Each line from the one containing "カレーはスパイスがたっぷり使" to the last line of the listing below is to be duplicated exactly, and no picture is to be carried over.

*SUPPLIED INFORMATION*:
★ ★ ★ ★ ★

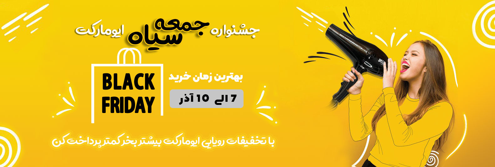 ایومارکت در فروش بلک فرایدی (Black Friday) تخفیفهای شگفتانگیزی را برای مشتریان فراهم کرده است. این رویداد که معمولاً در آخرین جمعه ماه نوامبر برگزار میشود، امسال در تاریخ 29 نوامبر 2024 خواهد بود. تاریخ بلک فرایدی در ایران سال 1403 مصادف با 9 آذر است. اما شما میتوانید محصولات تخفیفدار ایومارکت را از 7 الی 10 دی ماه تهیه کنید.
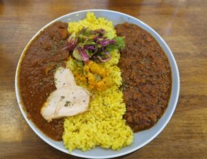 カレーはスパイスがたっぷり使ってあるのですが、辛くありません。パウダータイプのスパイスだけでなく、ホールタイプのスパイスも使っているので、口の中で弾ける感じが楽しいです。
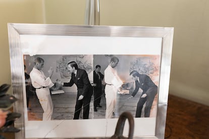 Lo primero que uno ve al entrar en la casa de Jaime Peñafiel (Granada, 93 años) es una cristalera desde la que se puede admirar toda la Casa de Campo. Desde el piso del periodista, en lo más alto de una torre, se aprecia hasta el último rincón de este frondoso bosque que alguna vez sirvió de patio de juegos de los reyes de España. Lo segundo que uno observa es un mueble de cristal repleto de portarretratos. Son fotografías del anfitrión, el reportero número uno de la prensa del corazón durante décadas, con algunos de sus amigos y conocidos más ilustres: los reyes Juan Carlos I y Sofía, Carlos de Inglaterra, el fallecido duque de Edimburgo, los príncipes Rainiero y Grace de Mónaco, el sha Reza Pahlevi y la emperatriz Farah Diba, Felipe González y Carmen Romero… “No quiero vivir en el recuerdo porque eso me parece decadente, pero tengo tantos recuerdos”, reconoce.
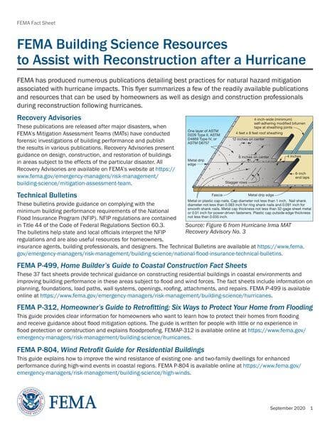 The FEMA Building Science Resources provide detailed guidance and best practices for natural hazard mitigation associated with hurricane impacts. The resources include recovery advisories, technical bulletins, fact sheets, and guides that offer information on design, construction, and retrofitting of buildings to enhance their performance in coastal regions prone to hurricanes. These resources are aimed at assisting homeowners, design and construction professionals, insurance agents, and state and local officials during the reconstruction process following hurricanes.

★ ★ ★ ★ ★

*EXERCISE SOLUTION*:
 カレーはスパイスがたっぷり使ってあるのですが、辛くありません。パウダータイプのスパイスだけでなく、ホールタイプのスパイスも使っているので、口の中で弾ける感じが楽しいです。
 Lo primero que uno ve al entrar en la casa de Jaime Peñafiel (Granada, 93 años) es una cristalera desde la que se puede admirar toda la Casa de Campo. Desde el piso del periodista, en lo más alto de una torre, se aprecia hasta el último rincón de este frondoso bosque que alguna vez sirvió de patio de juegos de los reyes de España. Lo segundo que uno observa es un mueble de cristal repleto de portarretratos. Son fotografías del anfitrión, el reportero número uno de la prensa del corazón durante décadas, con algunos de sus amigos y conocidos más ilustres: los reyes Juan Carlos I y Sofía, Carlos de Inglaterra, el fallecido duque de Edimburgo, los príncipes Rainiero y Grace de Mónaco, el sha Reza Pahlevi y la emperatriz Farah Diba, Felipe González y Carmen Romero… “No quiero vivir en el recuerdo porque eso me parece decadente, pero tengo tantos recuerdos”, reconoce.
 The FEMA Building Science Resources provide detailed guidance and best practices for natural hazard mitigation associated with hurricane impacts. The resources include recovery advisories, technical bulletins, fact sheets, and guides that offer information on design, construction, and retrofitting of buildings to enhance their performance in coastal regions prone to hurricanes. These resources are aimed at assisting homeowners, design and construction professionals, insurance agents, and state and local officials during the reconstruction process following hurricanes.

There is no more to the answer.